Data for this task:

┄┄┄┄┄┄┄┄┄┄

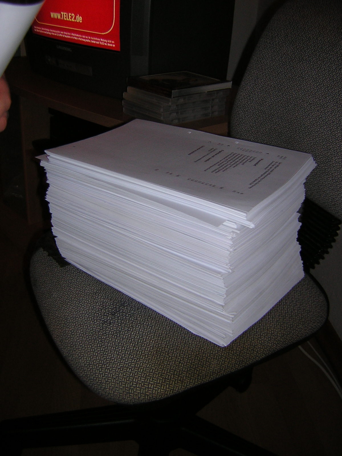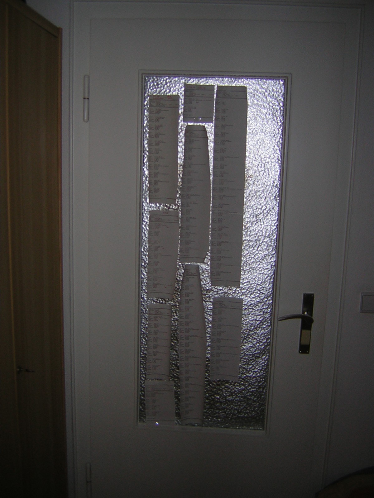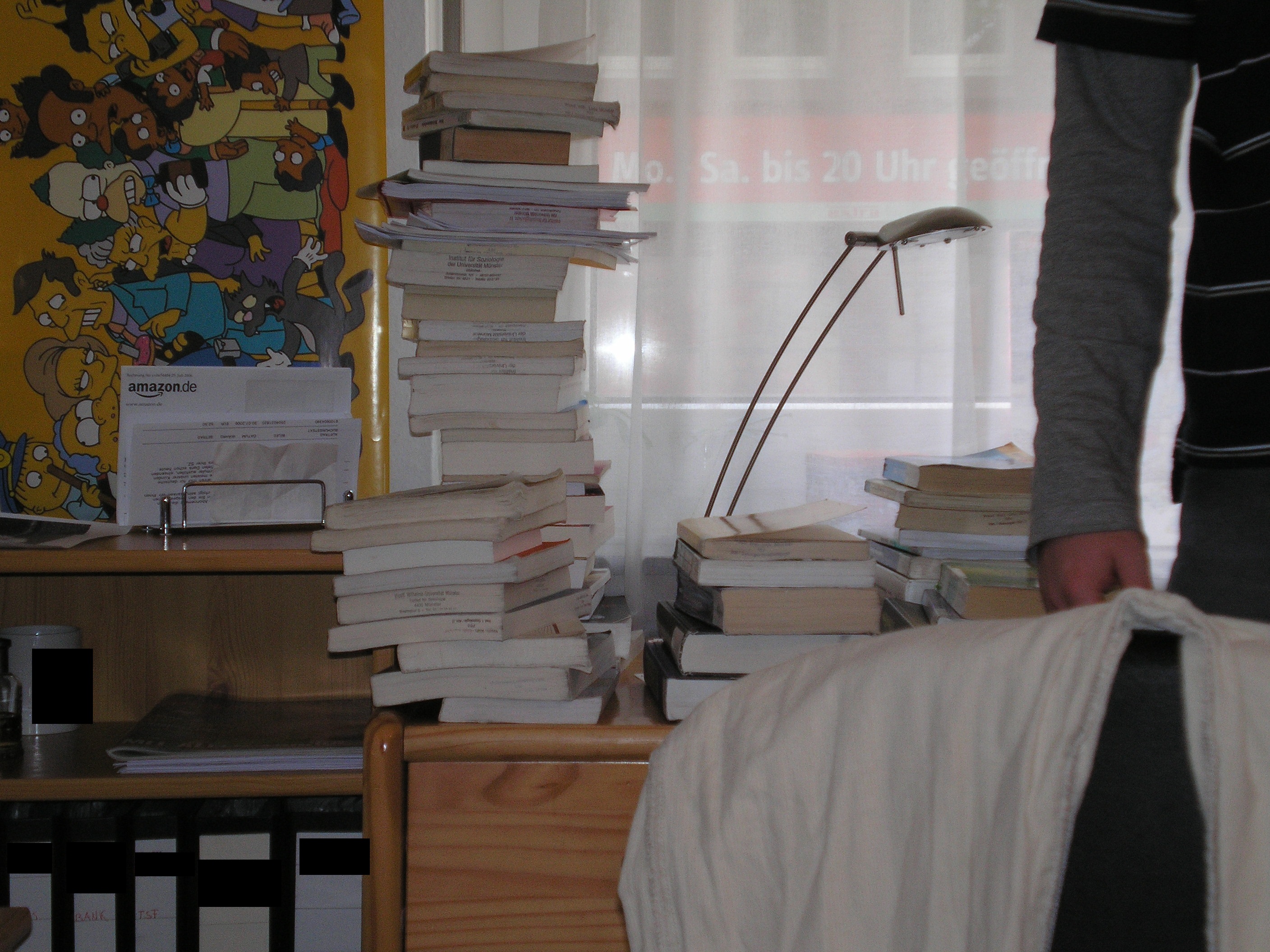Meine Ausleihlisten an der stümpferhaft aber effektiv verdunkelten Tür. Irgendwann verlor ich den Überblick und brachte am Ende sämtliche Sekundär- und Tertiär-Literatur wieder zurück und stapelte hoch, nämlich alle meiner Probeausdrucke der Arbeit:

┄┄┄┄┄┄┄┄┄┄

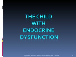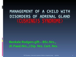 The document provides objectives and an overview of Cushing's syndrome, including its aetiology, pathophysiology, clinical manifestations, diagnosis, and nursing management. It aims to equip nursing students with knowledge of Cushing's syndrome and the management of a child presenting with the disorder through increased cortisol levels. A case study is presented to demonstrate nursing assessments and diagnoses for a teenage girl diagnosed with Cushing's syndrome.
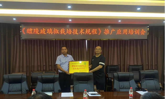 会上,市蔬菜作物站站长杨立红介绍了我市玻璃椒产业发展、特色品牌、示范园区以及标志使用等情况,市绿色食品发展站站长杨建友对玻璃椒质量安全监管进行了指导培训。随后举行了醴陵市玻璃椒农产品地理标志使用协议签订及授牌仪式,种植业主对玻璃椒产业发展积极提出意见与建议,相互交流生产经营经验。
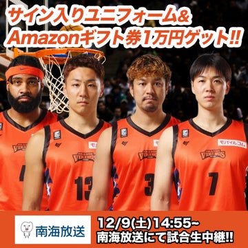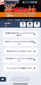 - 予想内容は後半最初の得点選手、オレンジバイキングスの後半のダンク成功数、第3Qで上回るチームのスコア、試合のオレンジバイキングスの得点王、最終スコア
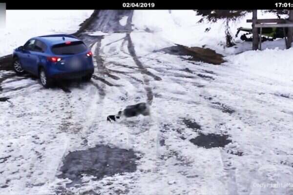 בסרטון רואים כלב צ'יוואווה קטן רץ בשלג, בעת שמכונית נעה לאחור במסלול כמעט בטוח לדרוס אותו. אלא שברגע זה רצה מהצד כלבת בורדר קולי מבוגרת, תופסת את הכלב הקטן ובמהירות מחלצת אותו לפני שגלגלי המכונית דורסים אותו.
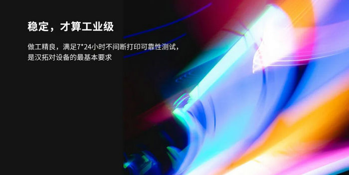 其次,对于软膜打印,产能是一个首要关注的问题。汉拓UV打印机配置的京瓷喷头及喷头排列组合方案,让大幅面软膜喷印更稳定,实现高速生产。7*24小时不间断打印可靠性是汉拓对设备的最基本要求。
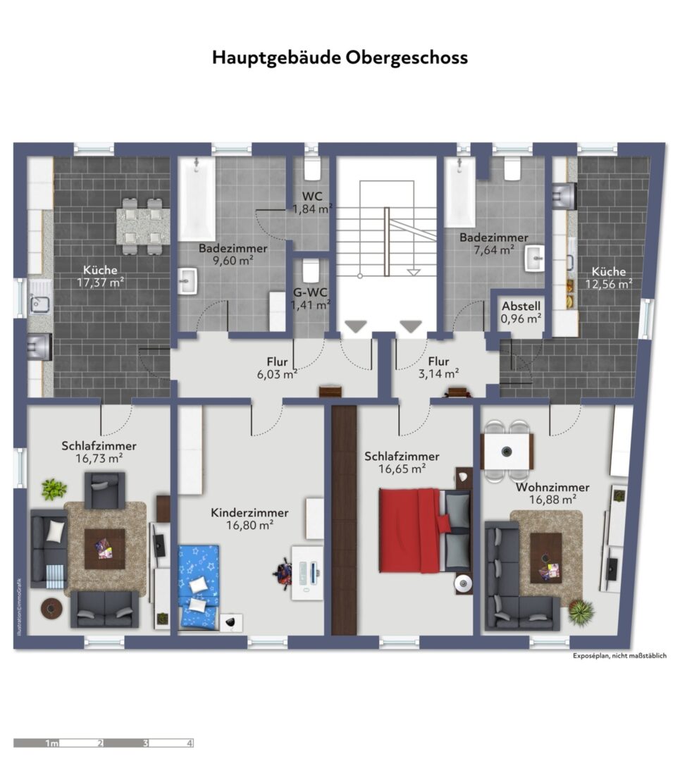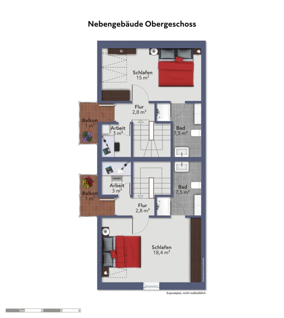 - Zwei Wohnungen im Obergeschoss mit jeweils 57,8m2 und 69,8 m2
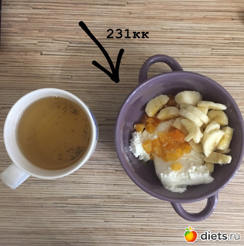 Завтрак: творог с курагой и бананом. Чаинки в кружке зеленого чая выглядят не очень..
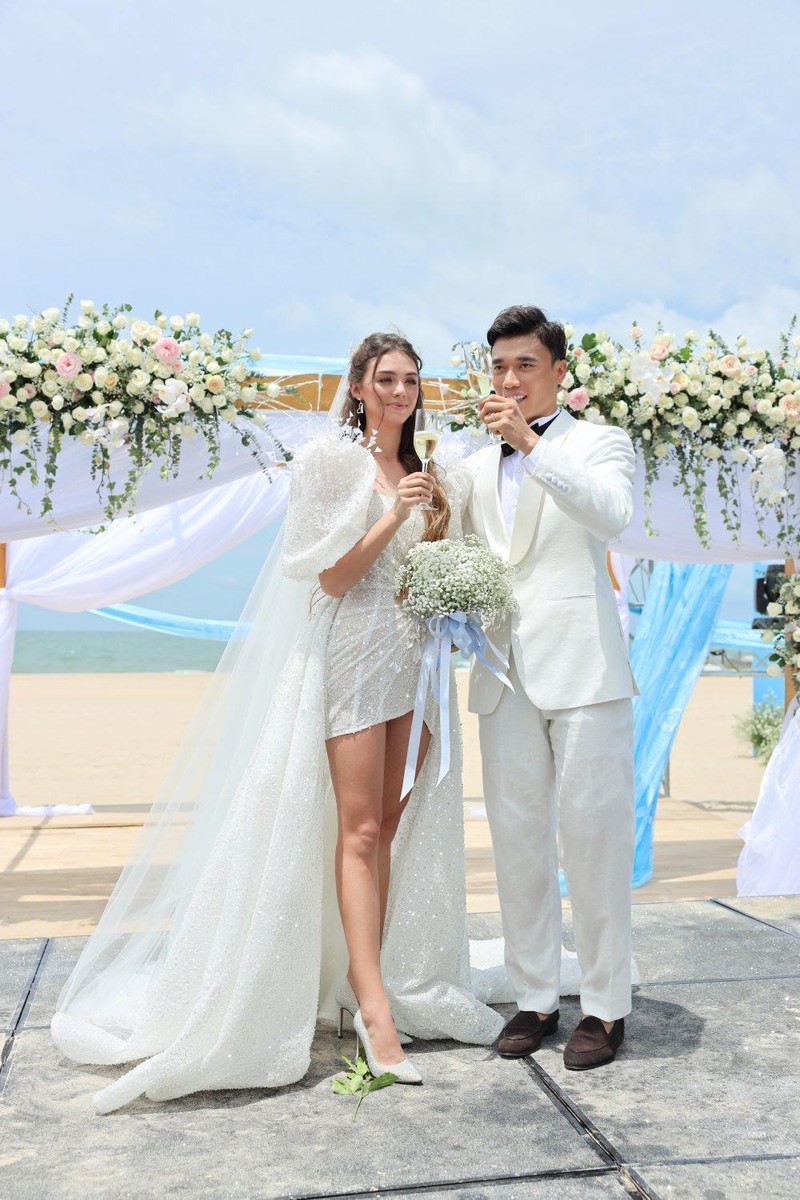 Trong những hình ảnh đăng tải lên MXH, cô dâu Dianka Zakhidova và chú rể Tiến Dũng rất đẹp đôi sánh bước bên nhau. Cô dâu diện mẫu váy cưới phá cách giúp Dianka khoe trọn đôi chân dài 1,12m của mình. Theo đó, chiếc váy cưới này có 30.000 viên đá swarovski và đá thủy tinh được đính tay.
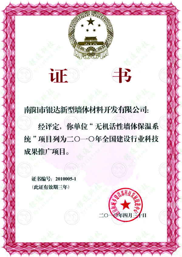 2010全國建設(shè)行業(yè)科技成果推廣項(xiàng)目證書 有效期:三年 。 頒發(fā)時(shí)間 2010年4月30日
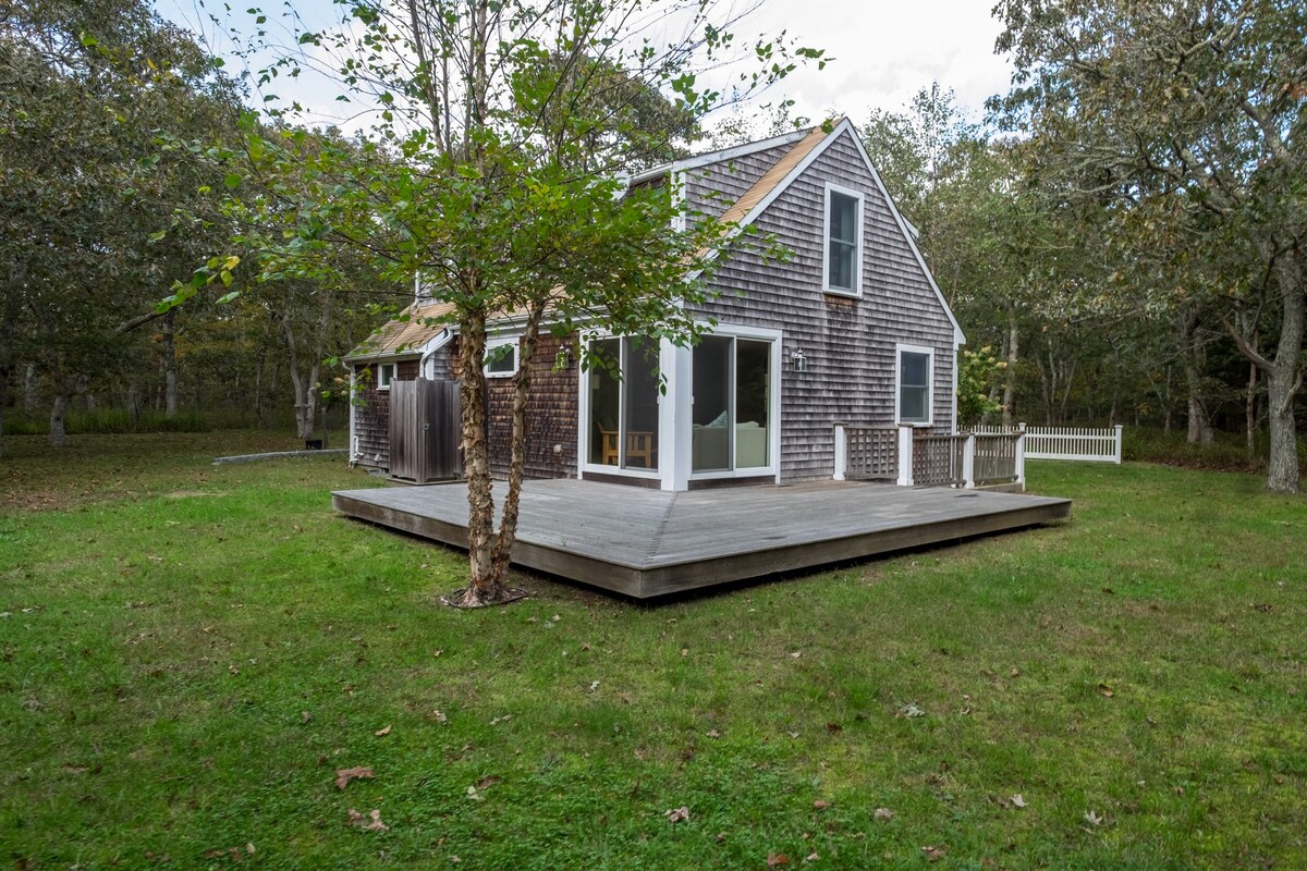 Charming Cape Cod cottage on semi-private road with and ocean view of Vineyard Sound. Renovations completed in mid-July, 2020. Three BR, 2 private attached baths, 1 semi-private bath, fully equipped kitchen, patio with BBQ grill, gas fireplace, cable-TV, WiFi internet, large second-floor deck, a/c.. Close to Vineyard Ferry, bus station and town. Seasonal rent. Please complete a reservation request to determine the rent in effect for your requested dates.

┄┄┄┄┄┄┄┄┄┄

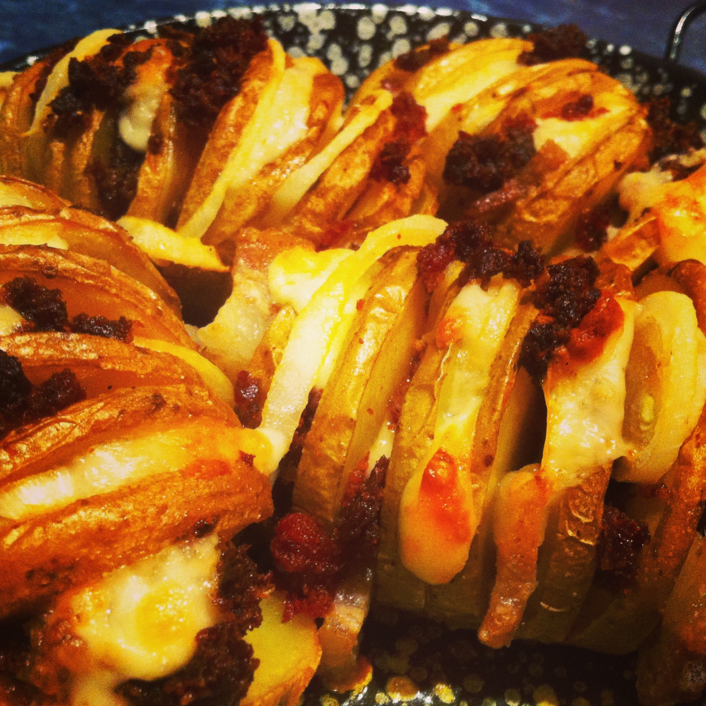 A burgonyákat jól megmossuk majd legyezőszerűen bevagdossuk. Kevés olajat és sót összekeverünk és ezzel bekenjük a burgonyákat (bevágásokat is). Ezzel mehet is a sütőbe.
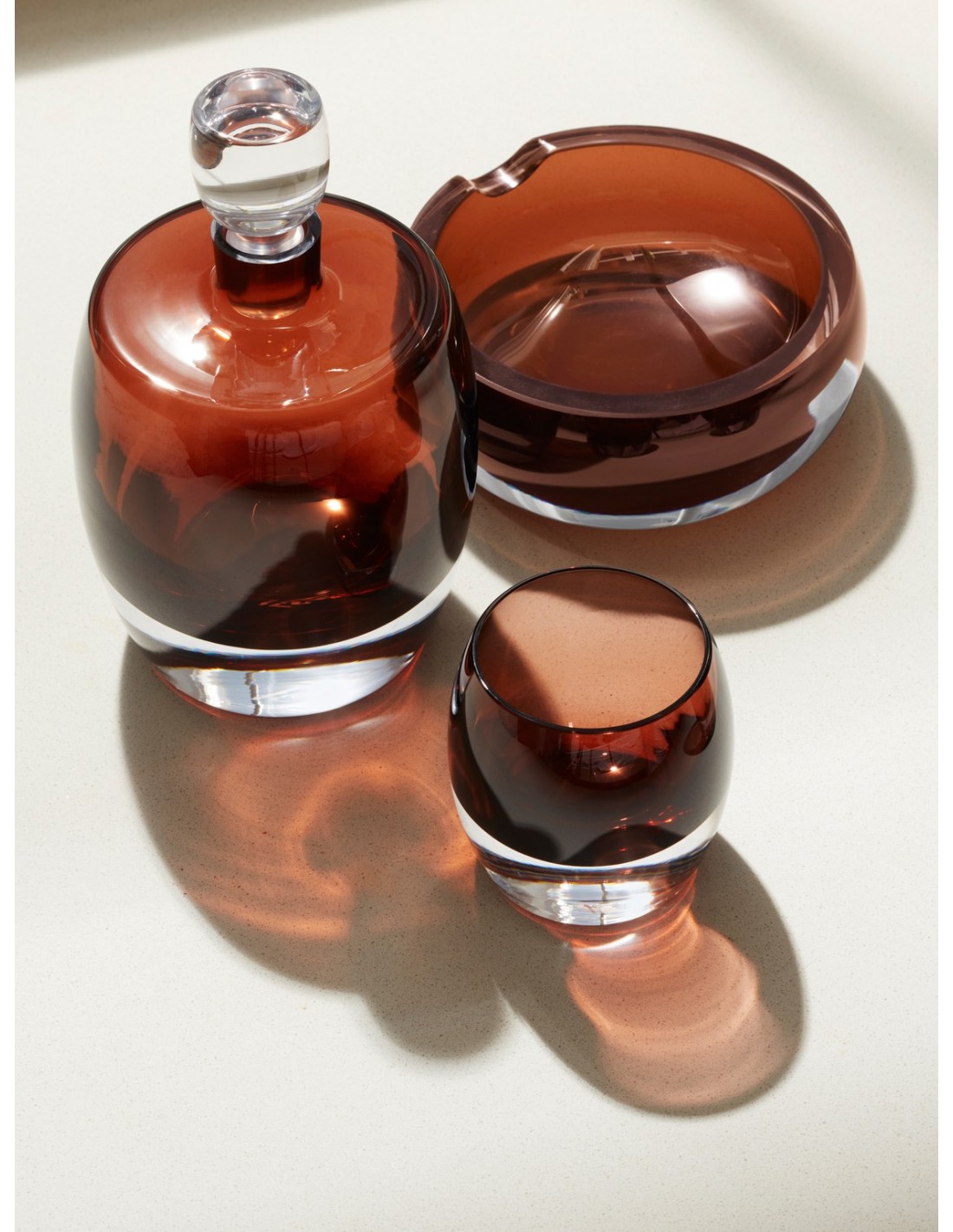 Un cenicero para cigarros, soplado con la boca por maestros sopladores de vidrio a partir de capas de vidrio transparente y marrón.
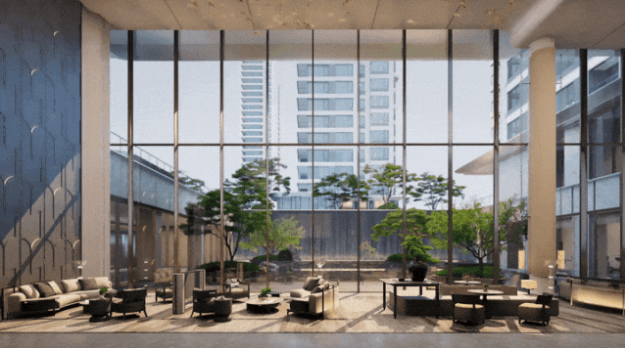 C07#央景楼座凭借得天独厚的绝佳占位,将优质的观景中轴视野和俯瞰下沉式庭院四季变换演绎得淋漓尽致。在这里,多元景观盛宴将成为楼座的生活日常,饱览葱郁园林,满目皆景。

┄┄┄┄┄┄┄┄┄┄

What you will do:
Copy only these lines from the records above, exactly: the one with "会上,市蔬菜作物站站长杨立红", the one with "Charming Cape Cod", and those between. Skip the pictures.

Reply to the exercise:
 会上,市蔬菜作物站站长杨立红介绍了我市玻璃椒产业发展、特色品牌、示范园区以及标志使用等情况,市绿色食品发展站站长杨建友对玻璃椒质量安全监管进行了指导培训。随后举行了醴陵市玻璃椒农产品地理标志使用协议签订及授牌仪式,种植业主对玻璃椒产业发展积极提出意见与建议,相互交流生产经营经验。
 - 予想内容は後半最初の得点選手、オレンジバイキングスの後半のダンク成功数、第3Qで上回るチームのスコア、試合のオレンジバイキングスの得点王、最終スコア
 בסרטון רואים כלב צ'יוואווה קטן רץ בשלג, בעת שמכונית נעה לאחור במסלול כמעט בטוח לדרוס אותו. אלא שברגע זה רצה מהצד כלבת בורדר קולי מבוגרת, תופסת את הכלב הקטן ובמהירות מחלצת אותו לפני שגלגלי המכונית דורסים אותו.
 其次,对于软膜打印,产能是一个首要关注的问题。汉拓UV打印机配置的京瓷喷头及喷头排列组合方案,让大幅面软膜喷印更稳定,实现高速生产。7*24小时不间断打印可靠性是汉拓对设备的最基本要求。
 - Zwei Wohnungen im Obergeschoss mit jeweils 57,8m2 und 69,8 m2
 Завтрак: творог с курагой и бананом. Чаинки в кружке зеленого чая выглядят не очень..
 Trong những hình ảnh đăng tải lên MXH, cô dâu Dianka Zakhidova và chú rể Tiến Dũng rất đẹp đôi sánh bước bên nhau. Cô dâu diện mẫu váy cưới phá cách giúp Dianka khoe trọn đôi chân dài 1,12m của mình. Theo đó, chiếc váy cưới này có 30.000 viên đá swarovski và đá thủy tinh được đính tay.
 2010全國建設(shè)行業(yè)科技成果推廣項(xiàng)目證書 有效期:三年 。 頒發(fā)時(shí)間 2010年4月30日
 Charming Cape Cod cottage on semi-private road with and ocean view of Vineyard Sound. Renovations completed in mid-July, 2020. Three BR, 2 private attached baths, 1 semi-private bath, fully equipped kitchen, patio with BBQ grill, gas fireplace, cable-TV, WiFi internet, large second-floor deck, a/c.. Close to Vineyard Ferry, bus station and town. Seasonal rent. Please complete a reservation request to determine the rent in effect for your requested dates.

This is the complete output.